Second – and it only takes a bit of sociological thinking here – we see that this is having massive negative effects on people’s well-being:  floods, droughts, superstorms, rising sea-levels, loss of biodiversity, polluted cities, rivers, and oceans.  This means homes lost, famine, early deaths, poor health, social disruptions, and conflicts (think wars, civil wars, overthrows of governments, and the like).

Third, the governments and the economic elites of the world do not have this steadily worsening crisis under control.  The Paris Agreement signed by 196 nations of the world in December 2015, offers no chance of containing global warming under the thresholds that science suggests must not be passed (above two degrees Celsius we can expect extremely dangerous disruption in all the living and social systems of the planet).  We have already reached 1.4 degrees Celsius of inevitable warming (the extra .5 degree is guaranteed because there is a lag between the gases getting into the atmosphere and the warming that they cause).

The Agreement is weak because it is not legally binding (each government made a “pledge” of what it would do in terms of reducing the emission of greenhouse gases, and there is no enforcement mechanism for failing to comply) and the pledges, even if all met, would still raise global temperatures in this century by around 3 degrees Celsius.
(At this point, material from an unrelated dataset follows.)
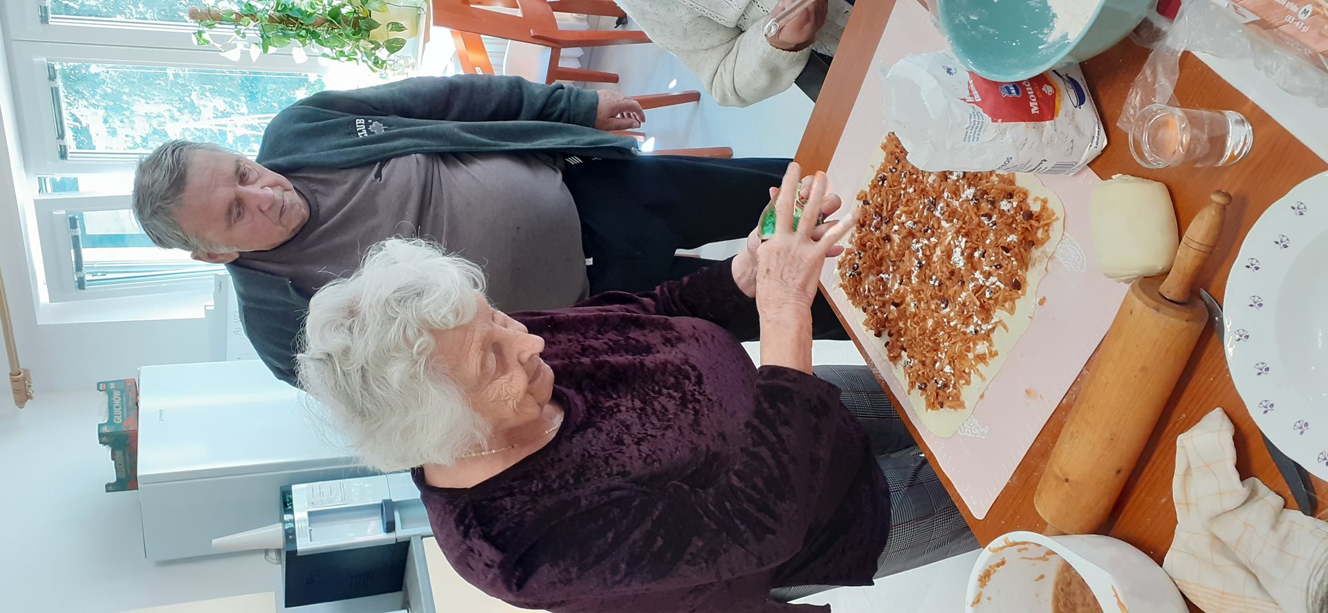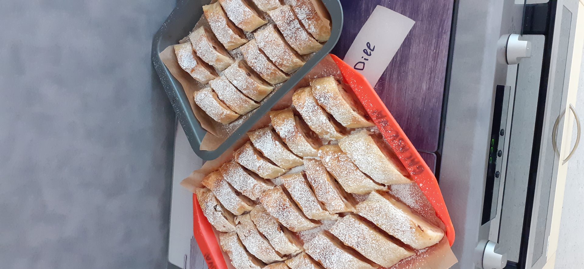 O dnešní pečení jablečného závinu byl značný zájem. Uživatelky měli rozděleny jednotlivé činnosti. Okrajovaly a strouhaly jablka, strouhaly rohlíky na strouhanku, vyvalovaly těsto, vyšlehávaly vajíčko, chystaly mouku, cukr, skořici a rozinky. Všechny byly velmi pracovité a ručně zdatné. Povídaly jsme si, jaké další štrúdly lze udělat a co lze s jablky ještě upéct. Upekly jsme společně 10 štrúdlů, které jsem po vychladnutí uživatelům rozdělily. Všem moc chutnalo.

A further devastating disappointment is the stinginess of the wealthy nations of the global North (historically responsible for most of the CO2 already in the atmosphere) in financing the renewable energy revolution that the under-resourced countries of the global South require (their emissions are growing, and China is the world leader now).

Meanwhile, the fossil fuel corporations, some of which are the biggest in the history of the world, and one of whose former chairmen, Rex Tillerson of ExxonMobil, is now U.S. secretary of state in the climate-denying Trump administration) have no plans to reduce their profits by keeping their assets in the ground.  This spells catastrophe if they are not checked;  what leading U.S. climate scientist James Hansen has called “Game over” for the planet.

In 2012, U.S. climate activist Bill McKibben of the organization (350 parts per million being what scientists have established as the “safe” limit for controlling climate change – we are now at 405 and rising) calculated and others have since confirmed that the world’s carbon “budget” for staying under two degrees was about 565 gigatons of emissions, while the proven reserves of the fossil fuel companies and countries (some having nationalized their oil and gas as in the Middle East, Russia, and Venezuela, among others) were around 2,795 gigatons at that time.

In other words, these corporations have a business model that entails burning more than five times the amount of fossil fuels that the Earth handle.  Since we currently emit over 30 gigatons per year (this is the number that must be reduced to zero before 2050) one can see that we have less than 20 years of “business-as-usual” before we pass into extremely dangerous climate territory.  In fact, if one wants to hold to a more stringent, safer limit of 1.5 degrees, and wants to have a better than 80 percent chance of staying under that, we have more like nine years left till our climate’s tipping points loom large.

So, given the inexorable and terrifying math of global warming, the incapacity of world governments to curtail it, and the determination of some of the richest economic entities on earth to bring it onto us, what are we to do?

The only way out

As a scholar of twentieth-century revolutions and twenty-first century movements for radical social change (understood as calling for far less inequality and far more democratic participation than at present) such as the Zapatistas in Mexico, Occupy, and the Arab Spring, my firm and considered conclusion is that the only chance that humanity has to come to grips with the biggest existential crisis of our century is for people to somehow form the biggest, broadest, most effective global social movement the world has ever seen.  Our purpose should be to force governments and corporations to do what must be done.  There is no other way that this is going to happen.

This movement already exists, though it is far from strong enough to have a chance of success at the moment.  It is called the global climate justice movement and it is a very loose and diverse set of local organizations, national coalitions, and global networks of ordinary Earth citizens in every corner of the world.  And it is growing in power (the most promising articles of the Paris Agreement were largely the product of climate activists’ decade-long pressure at the climate summits).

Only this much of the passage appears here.